ETF Tracker Newsletter For May 19, 2017

ETF Tracker StatSheet


[Chart courtesy of]

  1. Moving the Markets

When all else fails, and the markets are in danger of heading south in a big way, it’s nice to know that we can always count on one of the Fed mouthpieces to create an enticing news headline, designed to be picked up by computer algos  to push the markets in the desired direction.

Such was the case today, when James Bullard took to the airwaves in a prepared speech saying that “all the talk of an “overheating” economy was just that saying that “financial market readings since the March decision have moved in the opposite direction” of what would normally occur after a rate hike, adding: “this may suggest that the FOMC’s contemplated policy rate path is overly aggressive relative to actual incoming data on U.S. macroeconomic performance.

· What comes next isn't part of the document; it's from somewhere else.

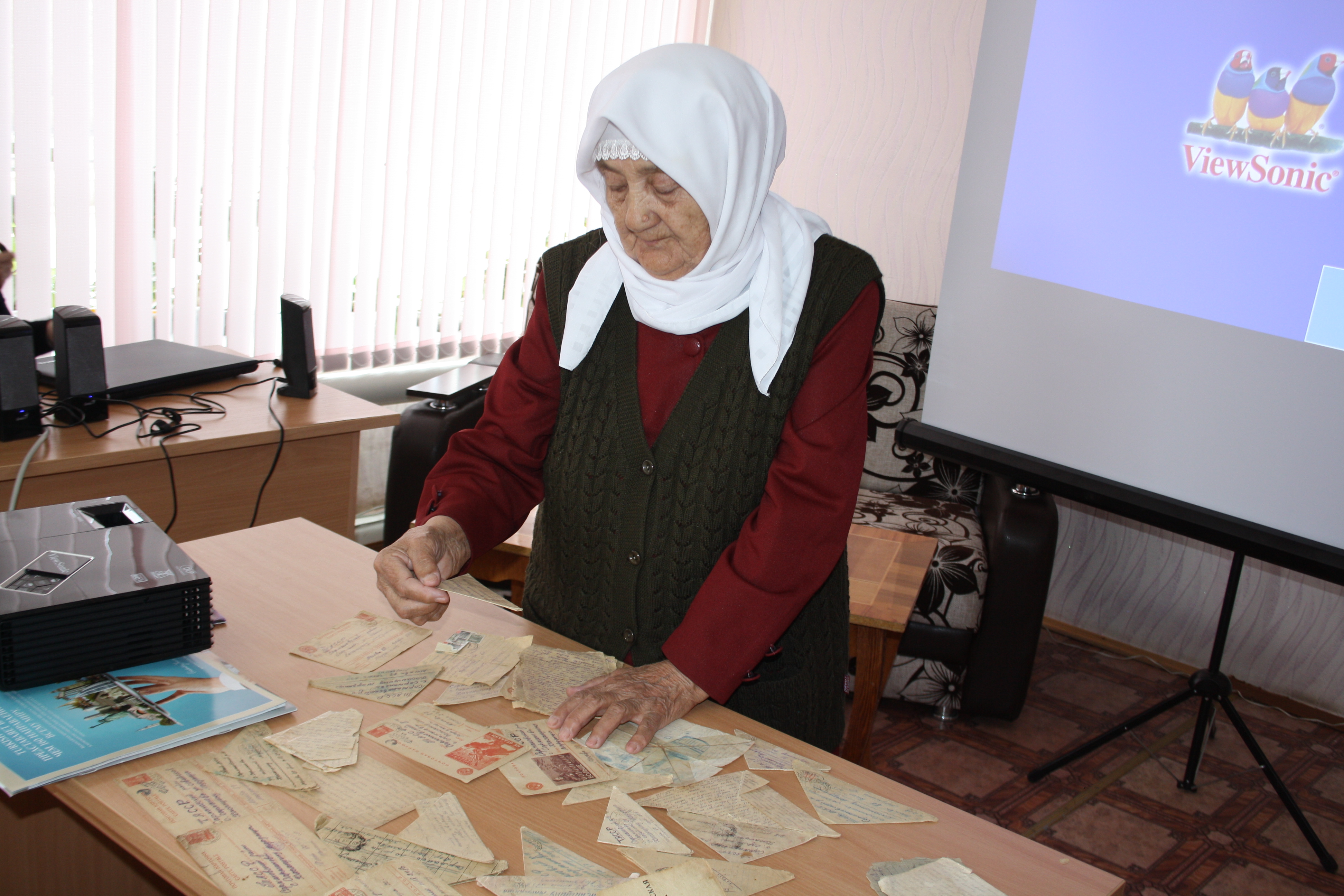 В читальном зале центральной библиотеки в преддверии 70 летия Великой Победы прошел литературно- музыкальный вечер по солдатским письмам нашего земляка Миннегалима Хасаншина. В качестве ведущих мероприятия выступили заведующая читальным залом Шамсутдинова Р. и заведующая абонементом центральной библиотеки Гарифуллина Р. На вечер были приглашены учащиеся 9 класса МБОУ «Сармановская гимназия» (классный руководитель Матзянова Р.М); родная сестра погибшего солдата Тагзима –апа. Она поделилась своими воспоминаниями, рассказала об основных фактах его биографии. На вечере были прослушаны песни, стихи, была подготовлена книжная выставка. В конце мероприятия учащиеся ознакомились с письмами солдата, поделились впечатлениями.

Translation: We are not sure if further rate hikes are really warranted as he added that inflation and inflation expectations “have surprised to the downside” and noted that “financial market readings since the March decision have been opposite of expectations.”

That’s exactly what computer algos wanted to ‘hear’ and off to the races we went with the three major averages closing in the green for the day but in red for the week. US Macro data disappointed for the 9th straight week and have now dropped below the election lows as the chart shows:

Source: ZeroHedge

This reading is now the weakest and most disappointing data point since May 2016 and the biggest drop since March 2015, according to ZH. How long will the S&P be able to remain out of sync with reality? Only time will tell.

Of course, in the past couple of years we were able to always count on the Fed and its “correction protection team” to prop up the markets every time they were in danger of moving into bearish territory leaving us with the unanswerable question: How long will that continue?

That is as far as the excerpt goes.